### [Task item]
Output the listing exactly as written, apart from its pictures.

### [Dataset content]
::::::::
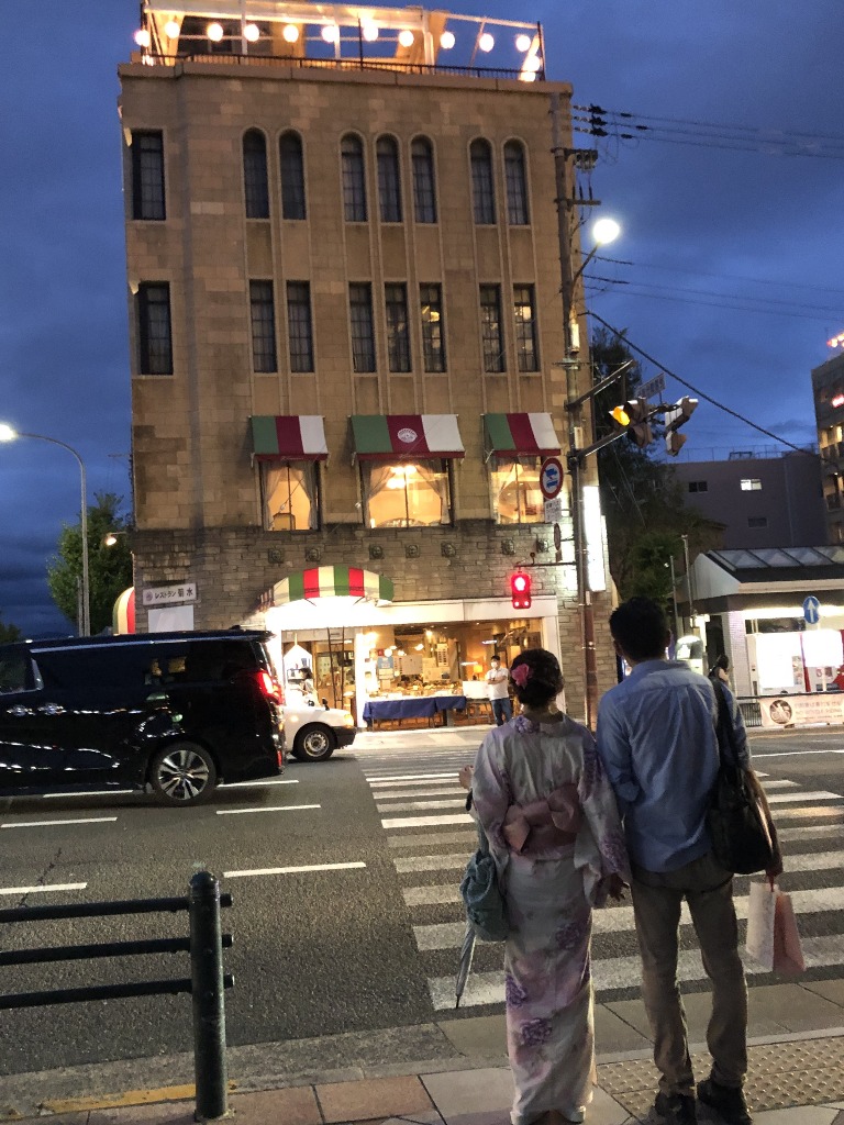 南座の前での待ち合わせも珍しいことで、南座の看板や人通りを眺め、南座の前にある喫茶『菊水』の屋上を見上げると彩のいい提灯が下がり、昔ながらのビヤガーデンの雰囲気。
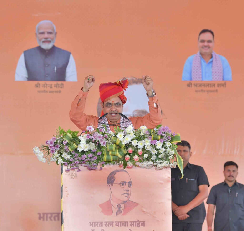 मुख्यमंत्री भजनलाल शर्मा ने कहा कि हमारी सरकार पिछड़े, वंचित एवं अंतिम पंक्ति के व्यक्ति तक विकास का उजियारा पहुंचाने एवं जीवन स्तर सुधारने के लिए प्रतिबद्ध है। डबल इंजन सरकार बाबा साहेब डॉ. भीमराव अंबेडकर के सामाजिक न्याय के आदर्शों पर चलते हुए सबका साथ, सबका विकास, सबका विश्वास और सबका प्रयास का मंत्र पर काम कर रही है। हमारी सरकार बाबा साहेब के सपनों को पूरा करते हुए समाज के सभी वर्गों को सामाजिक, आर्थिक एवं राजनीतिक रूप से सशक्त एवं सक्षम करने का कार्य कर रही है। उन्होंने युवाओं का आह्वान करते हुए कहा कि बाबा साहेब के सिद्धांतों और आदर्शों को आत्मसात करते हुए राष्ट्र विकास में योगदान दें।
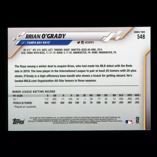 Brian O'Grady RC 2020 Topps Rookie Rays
::::::::
### [Response to the exercise]
 南座の前での待ち合わせも珍しいことで、南座の看板や人通りを眺め、南座の前にある喫茶『菊水』の屋上を見上げると彩のいい提灯が下がり、昔ながらのビヤガーデンの雰囲気。
 मुख्यमंत्री भजनलाल शर्मा ने कहा कि हमारी सरकार पिछड़े, वंचित एवं अंतिम पंक्ति के व्यक्ति तक विकास का उजियारा पहुंचाने एवं जीवन स्तर सुधारने के लिए प्रतिबद्ध है। डबल इंजन सरकार बाबा साहेब डॉ. भीमराव अंबेडकर के सामाजिक न्याय के आदर्शों पर चलते हुए सबका साथ, सबका विकास, सबका विश्वास और सबका प्रयास का मंत्र पर काम कर रही है। हमारी सरकार बाबा साहेब के सपनों को पूरा करते हुए समाज के सभी वर्गों को सामाजिक, आर्थिक एवं राजनीतिक रूप से सशक्त एवं सक्षम करने का कार्य कर रही है। उन्होंने युवाओं का आह्वान करते हुए कहा कि बाबा साहेब के सिद्धांतों और आदर्शों को आत्मसात करते हुए राष्ट्र विकास में योगदान दें।
 Brian O'Grady RC 2020 Topps Rookie Rays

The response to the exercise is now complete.